It happened just as Darc and I were discussing our respective blog posts … “What are you going to blog about?” … “I dunno … what are you going to blog about?”
Right then my kids asked us a question.
See, this afternoon at the grocery store, my son heard his name being called from a shelf near the bakery section of the store. He spied the box of doughnuts. Glorious red and blue glazed, star shaped, what more could a boy want? He begged me for them. “It’s only $5 for the whole box, mom! Please can we get them, pleeeeeease??” I caved, naturally. You should see how big his eyes can get and how long his lashes are, and his huge gap-toothed smile.

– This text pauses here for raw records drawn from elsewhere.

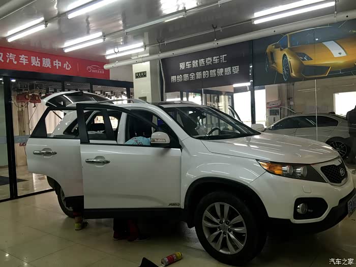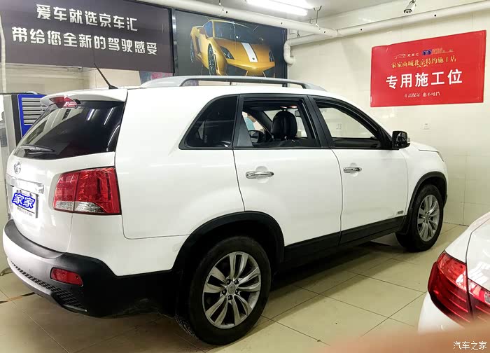 将车停在京车汇家家商城北京特约施工店专用施工工位上。
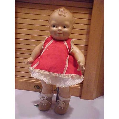 This composition doll was made by Cameo but designed by Rose O'Neill. The doll is in remarkable condition for its'age. I found no distracting marks and no damage or repairs. It must not have been played with very much. I am sure the panties are replaced old ones but I don't know about the clothes. They fit and seem appropriate. The smaller Scootles came in sunsuits but this is the more rare larger version and it came in a dress but I don't know if this is the one. I think the dress is silk and has a few small holes--see picture but the holes seem to add to her charm. This doll is great.
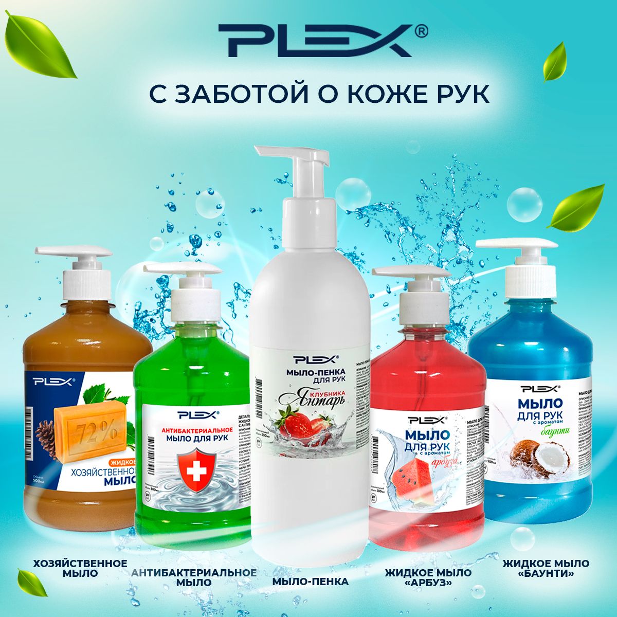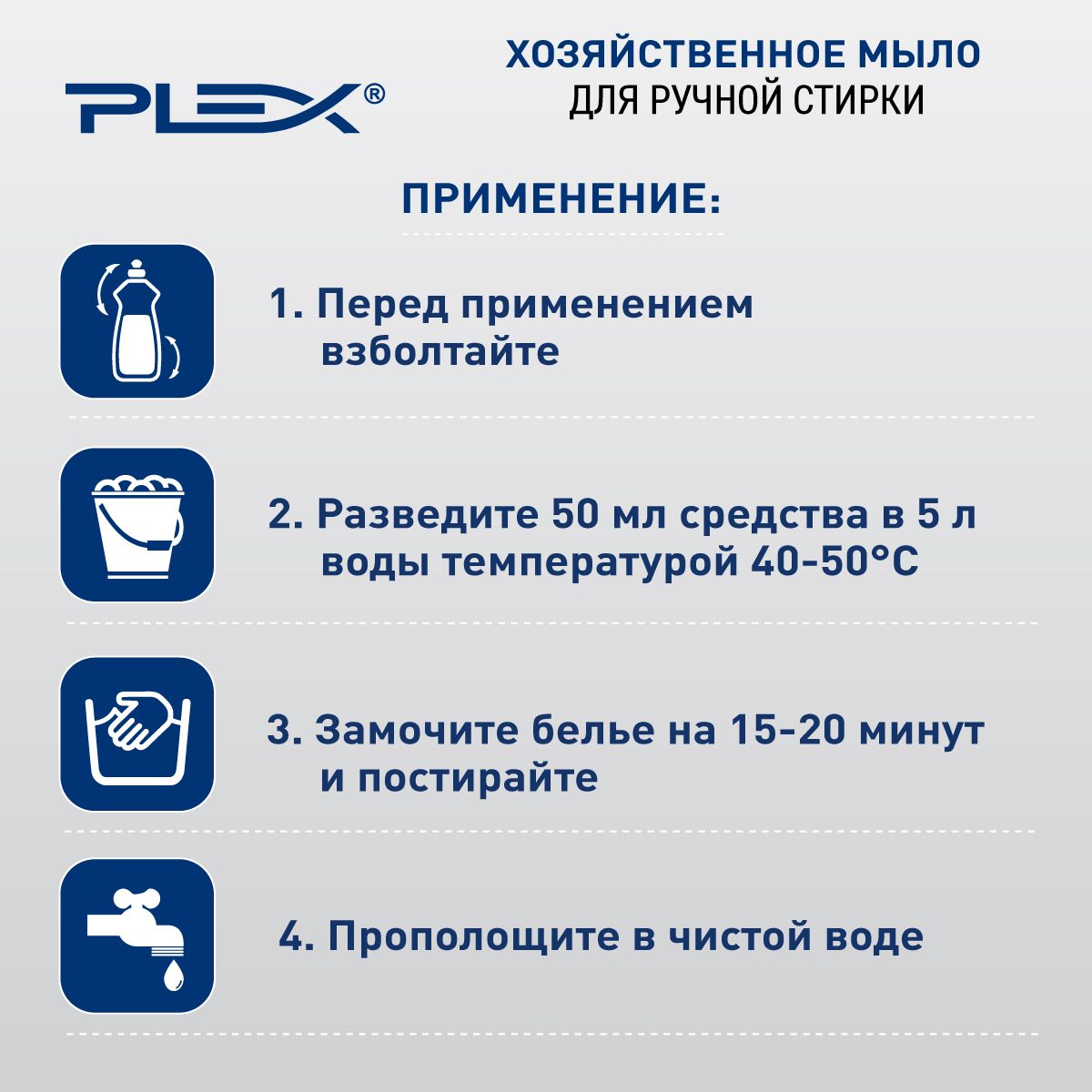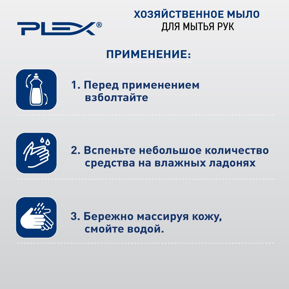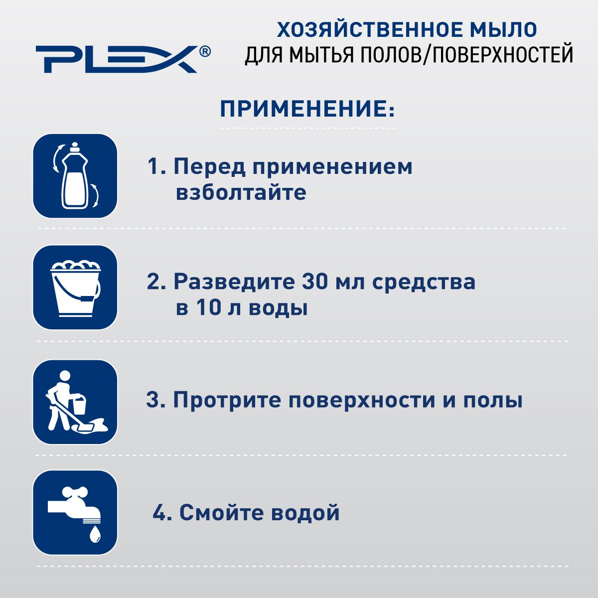 густую мыльную пену. ОБИЛИЕ ПЕНЫПрименение эффективного универсального хозяйственного жидкого мыла, позволяет прервать цепь развития многих инфекций. Жидкое мыло для рук PLEX лучше пенится. Это не только визуальный эффект. Пенообразование важный элемент очищающих свойств. Причем хорошо пенится оно и в жесткой, и в мягкой воде.ЭФФЕКТИВНО ВО ВСЕМ ДОМЕЖидкое мыло для эффективной и быстрой уборки. Средство не содержит вредных и опасных для здоровья и окружающей среды веществ. Бережно очищает любые поверхности, в том числе сантехнику, полы. Идеально подходит для мытья посуды и может применяться для ручной стирки.
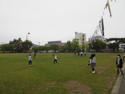 …写真・画像の一部は、芝生の上で遊んでいる「解放された」6年生の様子です。(笑)
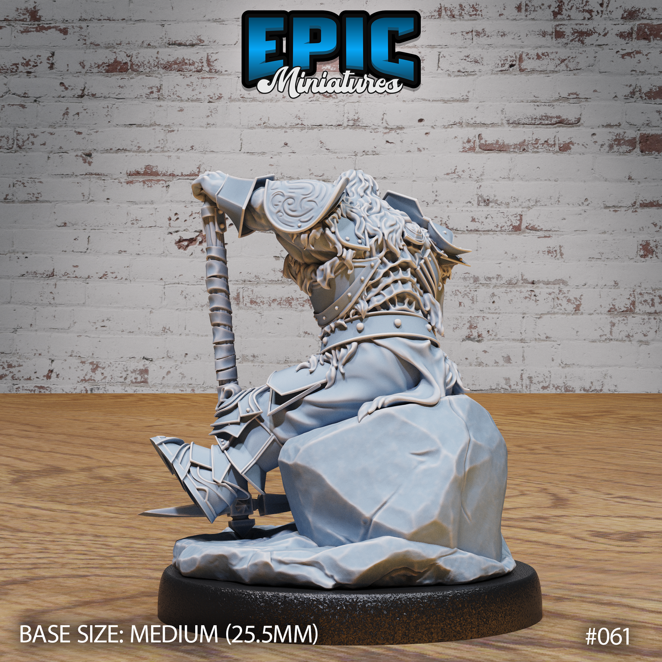 One 3D printed Royal Dwarf Rest with base in 32mm scale. Other scales available including 28mm. Medium Size.
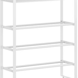 🆕️4-Tier White Shoe Rack - Movable Shoe Organizer for Closet, Entryway, Foyer

Resistance is futile – he’s like the Borg.
Later in the evening he and his baby sister had their doughnuts while their dad and I were discussing blog potential, or the lack thereof.
“Can you cut up my doughnut?”
“Yeah, me too, me too!” Guess who said that?
I stared at my children, as I was trying to wash some dishes. “Wait … you want your doughnuts cut up? Like in pieces? And you want to eat them with forks? What is wrong with you people? Seriously, how can you be my kids and want to eat your doughnuts with a fork?”
“But they’re sticky!” was the excuse.
“They’re doughnuts! They’re supposed to be sticky! That means you can play in the sink afterwards while you wash your hands and faces. Nobody eats doughnuts with a fork!”
“We do, we do!”
“I have my blog post for tomorrow,” I announced to my husband.
Daddy cut up their doughnuts, they did indeed eat them with forks, and they still played in the sink afterwards while they brushed their teeth.
I have decided I have the prissiest kids on the planet.